Conversational chat-thread (sub-threshold fallback)

When the intent classifier verdict is below INTENT_CONFIDENCE_THRESHOLD AND the conversational backend (DATABASE_URL) is configured, the dispatcher routes the comment to src/workflows/ship/scoped/chat-thread.ts instead of refusing: a freeform exchange entry point for review threads, PR replies, and issue comments. Output modes the executor can return are validated by Zod (answer, decline, execute-workflow, propose-workflow, propose-action, approve-pending, decline-pending, replace-proposal).

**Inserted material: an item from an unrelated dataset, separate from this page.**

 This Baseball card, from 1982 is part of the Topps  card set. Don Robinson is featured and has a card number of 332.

Tool surface (PR conversations only)

On PR events, chat-thread and the orchestrator-side triage engine drive Anthropic's tool-use loop via src/ai/llm-client.ts runWithTools. Both share the github-state tool set defined in src/github/state-fetchers.ts:

Tool Purpose
get_pr_state_check_rollup Head-commit CI rollup + per-check rows + is_required
get_check_run_output Single check run summary + truncated text + html_url
get_workflow_run Workflow run conclusion, logs_url, html_url
get_branch_protection Required checks list, reviewers, protected: false on 404
get_pr_diff Unified diff (capped ~50 KB)
get_pr_files File list with status + per-file additions/deletions
list_pr_comments Paginated issue comments on the PR (30/page)

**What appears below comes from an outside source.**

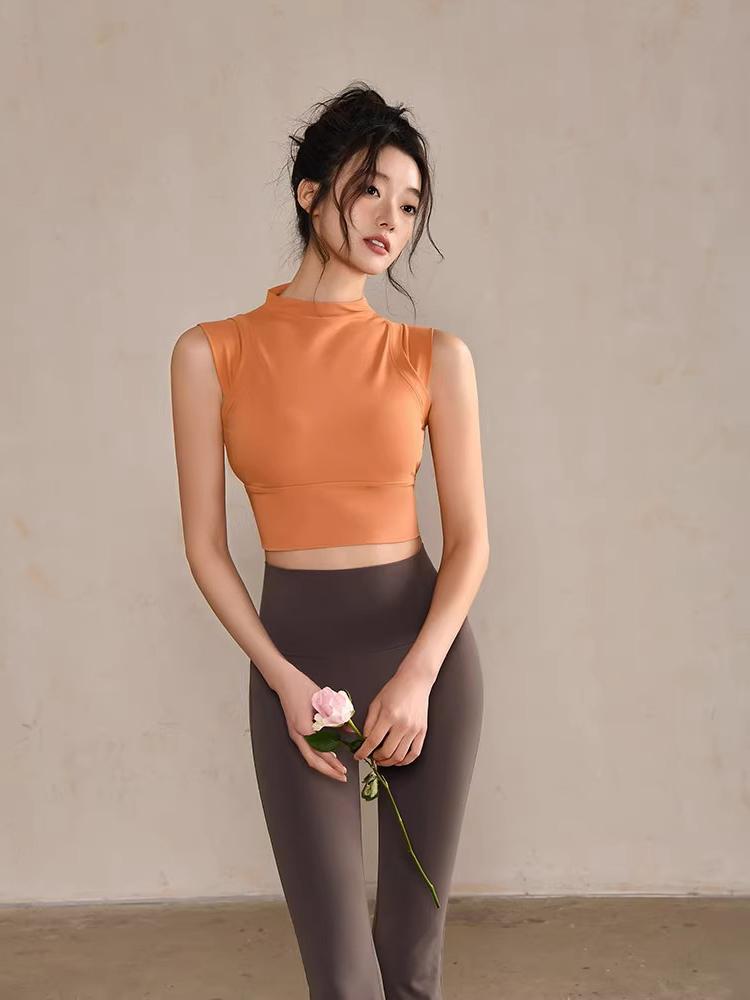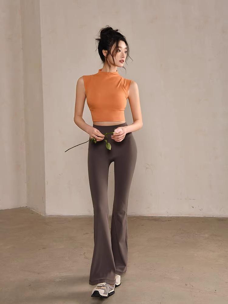 甜茶橙背心+卡其棕微喇瑜伽裤–S 建议体重85-100斤

The same surface is exposed to Agent SDK callers via src/mcp/servers/github-state.ts (registered when enableGithubState is true in the runPipeline overrides).

Caps and operator switches:

  • runWithTools enforces a per-turn iteration cap (default 8 for chat-thread, 2 for triage) and a per-turn fan-out cap (DEFAULT_MAX_TOOL_USES_PER_TURN = 4). Excess tool_use blocks get is_error: true tool_result feedback so the model adjusts on the next turn rather than triggering silent truncation.
  • CHAT_THREAD_TOOLS_ENABLED (default true): when false, chat-thread stays single-turn and answers only from the cached snapshot.
  • TRIAGE_TOOLS_ENABLED (default true): when false, triage classifies from text alone even on PR events. Hot-path latency escape hatch.

The deterministic merge-readiness path (src/workflows/ship/probe.ts, src/workflows/ship/verdict.ts) is intentionally NOT tool-driven, its GraphQL probe (PROBE_QUERY, now centralised in src/github/queries.ts) is correctness-invariant for the merge gate.